Vehicle maintenance costs
Any company that operates a fleet will need to consider vehicle maintenance. Vehicle maintenance costs include all expenses related to scheduled tune-ups and unplanned repairs. You can add the total upkeep costs for all vehicles in a fleet. Another option is to divide the total cost over a given period by the number of vehicles in the fleet. This gives you the average cost per vehicle.
You can also build on these insights by comparing costs based on the age or type of vehicle. These stats offer additional guidance, such as deciding whether it’s more cost-effective to repair or replace older vehicles in your fleet.
Your fleet managers can take steps to reduce vehicle maintenance costs with preventative maintenance strategies. These scheduled repairs and parts replacements aim to reduce breakdowns. These unplanned repairs are usually more expensive and disrupt operations, hurting revenue.
Inventory turnover
Inventory turnover counts the number of times inventory gets sold or sent over a given timeframe. Higher turnover figures mean a company is selling or moving inventory efficiently.
For a transportation company, it means inventory isn’t sitting on loading docks or warehouses. Instead, it is moving through the supply chain. Since logistics operations earn revenue based on loads delivered, higher inventory turnover means greater revenue.
Inventory turnover is also a leading indicator to measure the success of process changes. Your trucking company can add route optimization software to see if the change leads to higher inventory turnover.
Delivery time
Delivery time is another important metric for logistics operations. It measures the effectiveness of driver performance, route planning, and load optimization. Faster delivery times can increase customer satisfaction in industries like e-commerce delivery.

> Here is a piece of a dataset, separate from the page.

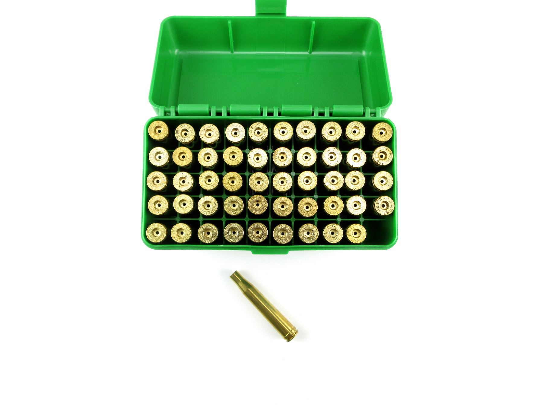 LOT INCLUDES; APPROX. (50) NEW NON-PRIMED BRASS CASES, (1) MTM CASE-GARD R-50 MAGNUM RIFLE PLASTIC AMMO BOX.

However, fast delivery times do not necessarily mean an efficient operation. Pursuing speed can reduce accuracy and increase pressure on employees. Your logistics company can decrease delivery times with the assistance of fleet management software. These tools can increase efficiency and provide drivers with support as they complete their routes. Electronic logging devices (ELDs) can provide additional data to support efficiency efforts and help drivers improve their performance.
Best practices for monitoring and improving metrics
The first step in using KPIs is to establish a system for collecting data. Complete and accurate data is essential for insights from business metrics. The ability to call up KPIs through an automated software system can lead to benefits like informed decision-making for managers. You can enjoy real-time insights into the effectiveness of new strategies and processes.
With fundamental KPIs, you can see where your business stands. These figures help you measure improvements related to previous performance and the activities of your competitors. You can make informed decisions using these KPIs and continuously assess strategies and processes to see if they yield the desired statistics.